Data that answers a question nobody wants answered is effectively meaningless. If you are showing a lack of correlation in a situation where a correlation might be expected then good job. If you are showing a lack of correlation between giraffe migration and cactus branch count then you're wasting everyone's time by bringing it up.
What do the transit vs. income graphs for SF look like?
How do the SF graphs compare to the NY ones?
Is there a clustering of rich and poor stops in SF like there is in NY?
And then finally, what are the possible explanations?
Sure, they didn't answer the last question, and you have to inspect the data to answer the second and third ones, but it's okay to provide data for other people to look at.
Surely if the first question was worth answering for NY, it's worth answering for SF. You don't answer questions simply because you expect to find something, you answer them because you're curious.
Do you know the story about Richard Feynman and the wobbling plate in the cafeteria? It's another question that "nobody wanted to answer".
The wobbling plate is an explanation, not a yes/no answer about correlation. If you can explain something then by definition there is causality in there somewhere.
Look, I'm wording myself badly today, let me try again. The question of 'is there a correlation' is worth answering but ONLY because a correlation is plausible. If you are graphing data to apply to a PLAUSIBLE hypothesis, then your work is reasonable. But if you are instead graphing random junk without any reason, you are wasting everyone's time. Data needs to cause some kind of mental connection in the viewer. That is a VERY low bar to meet. This article meets it. But not all theoretical articles do.
No conclusion is not necessarily a conclusion. Data doesn't have meaning but showing people data should have meaning.

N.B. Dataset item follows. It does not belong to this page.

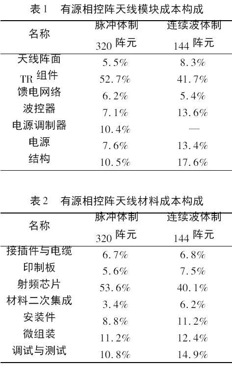 天线阵面主要包括辐射单元、金属基板、射频接插件等。TR 组件包括TR 腔体、PCB 板或LTCC 板、软基片、功率放大器、低噪声放大器、移相器、串并转换、滤波器,温度补偿、射频接插件、以及低频接插件等,对有源相控阵天线来说,TR 组件占成本的主要部分。馈电网络包括收发共用馈线、发射功率分配网络,以及接收信号合成网络; 通常情况下,为了确保接收支路的增益和使发射支路的末级放大器推饱和,需要在接收支路中增加驱动级低噪声放大器和在发射支路中增加驱动级功率放大器,对于有单脉冲测角要求的,馈电网络还需设计成和波束、方位差和俯仰差波束接收通道,这些都会导致有源相控阵天线成本增加。波控器核心器件是FPGA,其主要功能是将终端控制命令计算成控制TR 组件内移相器的TTL /LVTTL 电平,并生成移相码,从而改变天线阵面信号相位因子,完成有源相控阵天线的波束快速扫描,此外波控器还可以具有电源分发的功能,从而实现给TR 组件内的芯片供电,并具备校准测试的配合执行功能( 适应TR 组件自动测试和天线内/外校准功能) 。电源主要实现的功能是将直流电压转换成各个器件需要的电源值,即DC /DC 转换,对于脉冲工作体制的天线,电源还需包含信号调制器,从而实现连续波信号转换成脉冲信号。

Ok ok, the thing about the wobbling plate is that Feynman says the freedom to investigate a question that was only interesting to him was what led him to get the Nobel prize. Here's an excerpt from his book that's faster to process than the video I linked to:
But otherwise, I think we basically agree. Mostly I thought you were talking about the SF vs. NY thing and this article, not about inane investigations into arbitrary correlations (e.g., Is there a relationship between the number of steps someone takes per day and the number of spoons in their apartment? - well, actually, there probably is, especially if you start taking away knives and forks too). The most important thing I guess is to have a question that the researcher is interested in answering.
The primary questions of good science are what, where, when, and who. These are the questions you answer when you collect data. Once you've answered them you can address secondary questions of why and how. Asking why and how without giving priority to what, where, when, and who is putting the cart before the horse.

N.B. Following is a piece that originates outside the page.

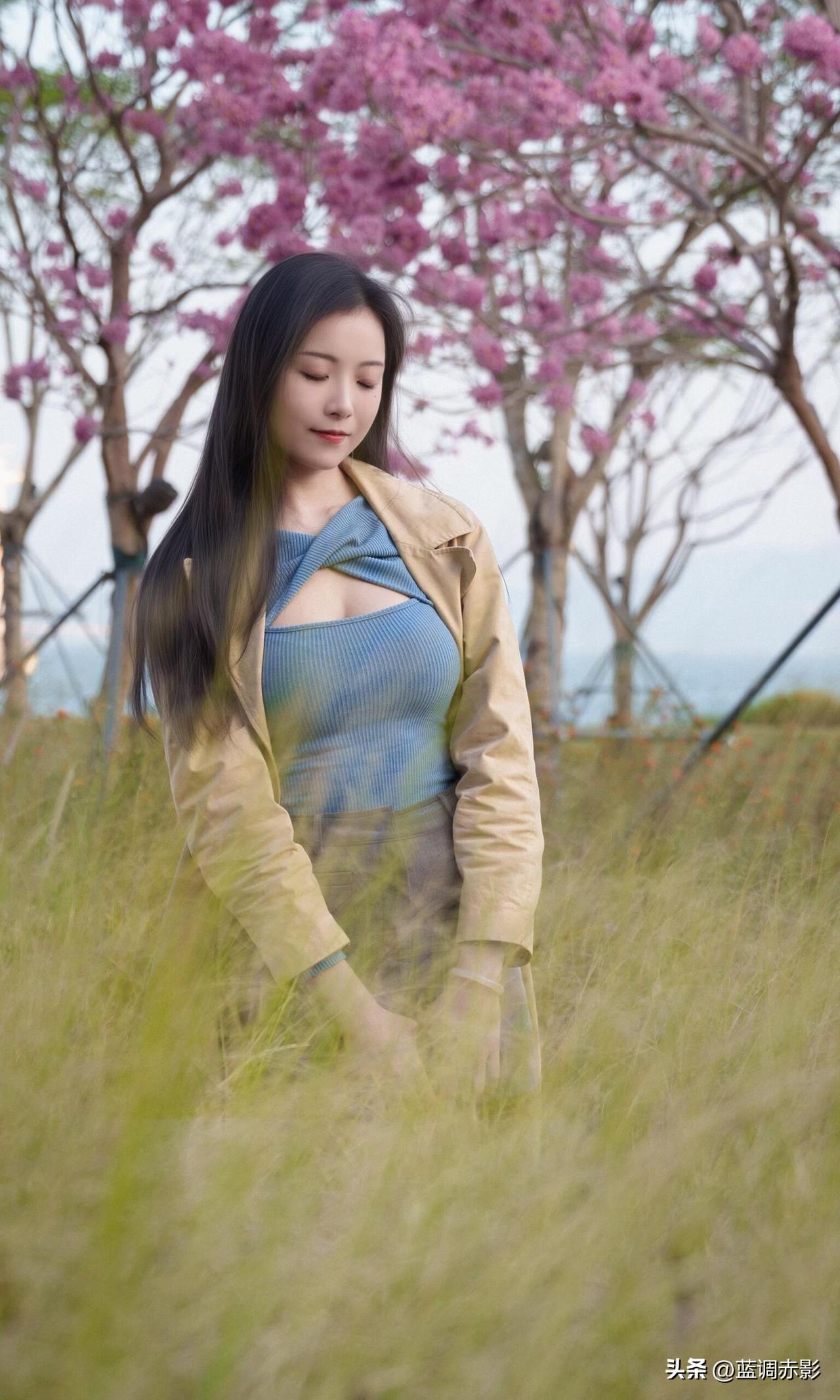 春日漫步,粉花映笑颜,轻抚花枝,感受自然之美。

When you are unable to answer why and how for a given set of data, it is not meaningless. Rather, the lack of correlation or explanations just says that perhaps we need to look into this more deeply. "I've looked at the data and I don't know" is a profound statement, and it can be inspiring.
Science also has to be falsifiable, and effectively that's what these graphs do, at least as far as extrapolating from the NY study goes.
I agree it would have been more helpful if the author had presented conclusions about what the data mean or don't mean, but they aren't a priori meaningless simply because there isn't a visible correlation. No correlation, which is the rather obvious conclusion, is just as meaningful. I hope this is more clear.